Pushback against federal agency rules, including litigation and state laws against ESG investing, will continue. This pushback reflects, in part, the high expected costs of new disclosure requirements, confusion around how to assess “materiality” on ESG matters, and other uncertainties associated with new and extensive requirements. Many companies are assessing their obligations and the extent to which their business and policies are impacted by ESG and anti-ESG regulations.

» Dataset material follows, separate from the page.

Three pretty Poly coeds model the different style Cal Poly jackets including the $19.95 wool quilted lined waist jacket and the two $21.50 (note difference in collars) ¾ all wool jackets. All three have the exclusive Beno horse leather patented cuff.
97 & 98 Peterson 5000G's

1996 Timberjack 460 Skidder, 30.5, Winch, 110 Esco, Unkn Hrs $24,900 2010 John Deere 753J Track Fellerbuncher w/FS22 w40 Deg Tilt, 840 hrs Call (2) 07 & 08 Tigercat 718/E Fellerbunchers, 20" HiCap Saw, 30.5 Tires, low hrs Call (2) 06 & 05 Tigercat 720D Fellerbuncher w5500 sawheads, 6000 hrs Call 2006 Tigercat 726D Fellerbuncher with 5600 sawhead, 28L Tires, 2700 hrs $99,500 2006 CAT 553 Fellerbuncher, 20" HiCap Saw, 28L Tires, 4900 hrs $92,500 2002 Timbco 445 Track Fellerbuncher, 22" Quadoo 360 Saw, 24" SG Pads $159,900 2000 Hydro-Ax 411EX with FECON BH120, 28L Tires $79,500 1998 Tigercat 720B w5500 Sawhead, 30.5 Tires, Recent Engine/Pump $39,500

Companies that operate across borders also will have to comply with obligations across their respective markets. For example, the European Council recently approved the Corporate Sustainability Reporting Directive (CSRD). Under the CSRD, certain companies (including non-EU companies above certain thresholds) will be required to publish detailed information on a broad range of ESG topics. Many new regulations will require engagement, diligence and reporting across value chains.
5. Enhanced obligations related to technologies (AI, crypto, biometrics, and privacy)

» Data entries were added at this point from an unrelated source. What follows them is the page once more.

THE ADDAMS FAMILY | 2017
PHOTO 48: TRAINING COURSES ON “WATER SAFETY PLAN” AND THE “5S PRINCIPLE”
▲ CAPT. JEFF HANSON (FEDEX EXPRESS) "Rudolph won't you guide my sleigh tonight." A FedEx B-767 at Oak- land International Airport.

Employers are seeing more regulatory activity related to workplace technologies and privacy. In 2022, President Biden released a Blueprint for an AI Bill of Rights; the EEOC issued guidance regarding AI-related disability discrimination; the NLRB announced a focus on monitoring and algorithm-driven management; and new state laws on electronic monitoring, including in New York and New Jersey, took effect. In addition, New York City’s bill regulating employers’ use of automated employment decision tools will take effect on January 1, 2023 (but enforcement is delayed until April 15, 2023). Other AI laws are pending at the federal, state and local levels and globally (eg, EU Draft Artificial Intelligence Act). Employers are auditing their current and near-term systems based on current requirements and preparing for future regulation of currently gray areas.
Meanwhile, the first jury verdict in Illinois last year in a biometric privacy class action under the state’s law could lead to additional litigation, including over biometric timekeeping systems.

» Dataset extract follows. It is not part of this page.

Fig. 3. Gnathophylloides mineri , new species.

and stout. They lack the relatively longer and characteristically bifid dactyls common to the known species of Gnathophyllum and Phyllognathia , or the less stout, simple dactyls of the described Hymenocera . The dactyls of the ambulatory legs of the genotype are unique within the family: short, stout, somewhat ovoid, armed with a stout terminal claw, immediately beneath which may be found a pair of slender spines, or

Regulators are also taking up cryptocurrency issues. In March, the DOL issued guidance (litigation is pending) advising employers to use “extreme care” before they consider adding a cryptocurrency option to a 401(k) plan’s investment menu and warning of a “investigative program.” Beyond wage and hour and tax issues, compensating employees with cryptocurrency that could be characterized as a “security” under applicable securities laws can raise significant complications.
Data security and data privacy remain top concerns for employers. Notably, the DOL has stepped up enforcement related to its cybersecurity guidance for employee retirement plans with high profile investigations, and ERISA class action lawsuits have been filed against plan sponsors, trustees and recordkeepers over alleged security breaches. On the privacy side, several laws will take effect in 2023, including the California Privacy Rights Act, which applies to HR data.
At the federal level, employers are monitoring (1) the impact of President Biden’s Executive Order aimed at reviving the invalidated Privacy Shield framework for transatlantic data transfers, (2) the prospects for the first bipartisan federal privacy bill (which would also impact companies developing AI technologies), and (3) the FTC’s next steps for its privacy rulemaking (which sought public feedback on how new trade regulation rules could address potential harms and discriminatory outcomes related to the use of AI, automated decision-making systems, and algorithms).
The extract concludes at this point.